Atlas 5 boosts missile early warning satellite into space

By WILLIAM HARWOOD
CBS News

A United Launch Alliance Atlas 5 rocket boosted a missile early warning satellite into space Tuesday, the second in a new generation of infrared surveillance stations designed to work with other satellites providing global launch warning and battlefield awareness.

The 189-foot-tall Atlas 5's Russian-designed RD-180 engine ignited with a rush of fiery exhaust at 5:21 p.m. EDT (GMT-4) and the two-stage rocket majestically climbed away from launch complex 41 at the Cape Canaveral Air Force station.

A United Launch Alliance Atlas 5 rocket climbs away from launch complex 41 at the Cape Canaveral Air Force Station Tuesday, boosting a new missile early warning satellite toward orbit. (Credit: Pat Corkery/United Launch Alliance)
Generating 860,200 pounds of thrust, the first stage engine burned for four minutes, pushing the rocket out of the dense lower atmosphere and putting on a spectacular afternoon show for area residents and tourists.

The first stage then fell away, the Centaur second stage's hydrogen-fueled Pratt & Whitney RL10A engine ignited and the rocket continued its climb to space.

A long-range tracking camera zooms in on the Atlas 5 as it climbs out of the lower atmosphere. (Credit: United Launch Alliance webcast)
Dramatic video from an on-board "rocketcam" showed the first stage falling away, followed a few seconds later by the two halves of the nose cone fairing with the peninsula of Florida and Lake Okeechobee in the background.

The Centaur engine shut down as planned 15 minutes and 20 seconds after launch, putting the Space Based Infrared System -- SBIRS -- GEO-2 satellite into a temporary "parking" orbit. A second three-minute 55-second firing began a little less than nine minutes later to put the satellite into an elliptical "transfer" orbit with a high point of around 22,300 miles and a low point of about 115 miles.

In this dramatic view, the first stage can be seen falling away in the center of the frame, flanked by the two halves of the nose-cone shroud as they fell away. The Florida peninsula and Lake Okeechobee are visible in the background. (Credit: United Launch Alliance webcast)
A forward-looking rocketcam showed the SBIRS GEO-2 satellite separating from the Centaur 43 minutes after launch as the spacecraft climbed away from Earth due east of Madagascar. Over the next nine days, the satellite's own rocket thrusters will be used to raise the low point, or perigee, of the transfer orbit, putting the craft into the desired circular orbit 22,300 miles above the equator.

Once checked out and on station -- the exact orbital location is classified -- the new satellite will represent "another big step in delivering the next generation of Air Force infrared surveillance capability," said Col. Jim Planeaux, director of the Infrared Space Systems directorate at the Air Force Space and Missile Systems Center.
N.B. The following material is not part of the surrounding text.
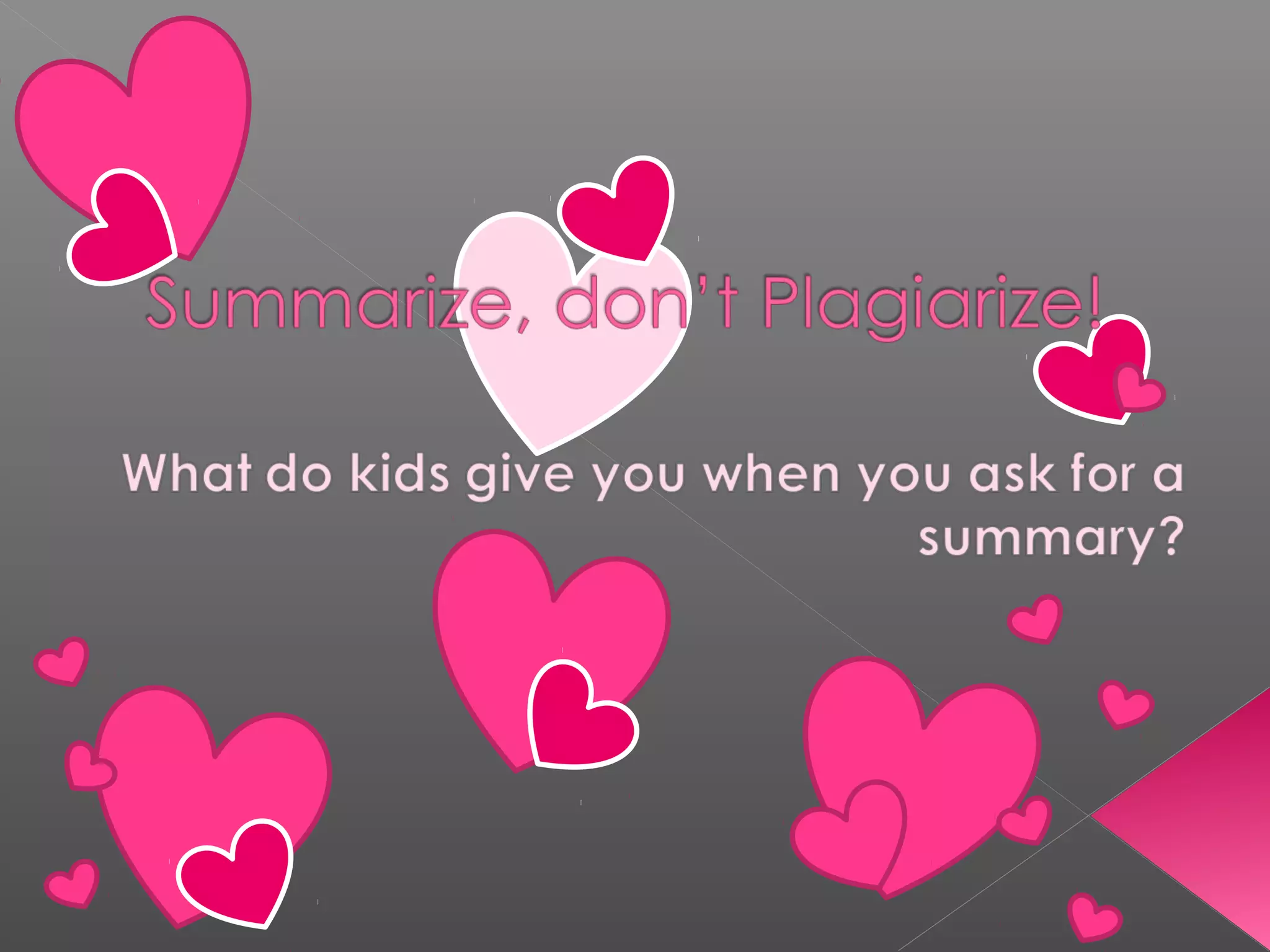 This document provides guidance and examples for teaching students how to summarize texts. It discusses the importance of summarizing in developing comprehension and different strategies students may use incorrectly when summarizing. The document then offers various strategies and templates teachers can use to help students learn how to properly summarize, including having them identify main ideas and key details, write headlines, use graphic organizers, reduce details across multiple drafts, and focus on conveying the overall meaning in fewer words. Emphasis is placed on modeling the skill repeatedly and giving students practice time to develop their summarizing abilities.

The SBIRS satellites are follow-ons to the successful Defense Support Program early warning satellites that have operated continuously over the past four decades, on the lookout for the telltale heat signatures of intercontinental ballistic missiles.

The solar-powered Lockheed Martin-built SBIRS spacecraft are equipped with more sensitive detectors and are designed to work with instruments aboard satellites in highly elliptical orbits to provide both global data and targeted battlefield assessments.

"Each GEO satellite includes highly sophisticated scanning and staring sensors that will deliver enhanced infrared sensitivity and a reduction in area revisit times over the current constellation," Dave Sheridan, Lockheed Martin's SBIRS program director, told reporters.

"The scanning sensors provide a wide-area surveillance of missile launches and natural phenomena across the Earth, while the staring sensors can be tasked to observe smaller areas of interest with enhanced sensitivity."

Lockheed Martin currently holds contracts to build four GEO satellites with two more expected later. While early warning of strategic missile launches remains the core mission of the system, "I would argue that the nation's missile warning system is critical now, or perhaps even more so, than it was even during Cold War," Planeaux said.

"Certainly, strategic and tactical missile threats have proliferated in both number and type, the number of countries that own these systems has increased," he said.

In 2011 he said, the Air Force used SBIRS and DSP observations to alert U.S. and allied forces to nearly 200 missile launches around the world.

"Our current constellation of Defense Support Program satellites has served the nation and our allies well for over 40 years," Planeaux said. "SBIRS is bringing unprecedented new capabilities into service to support our mission areas, which are missile warning, missile defense, technical intelligence and battlespace awareness."

Improved sensor technology will "enable us to respond to growing needs, evolving threats, and will serve us as the foundation of the nation's overhead infrared constellation for many, many years to come," he added.

This was the 37th launch of an Atlas 5 and the fourth Atlas flight in just four months.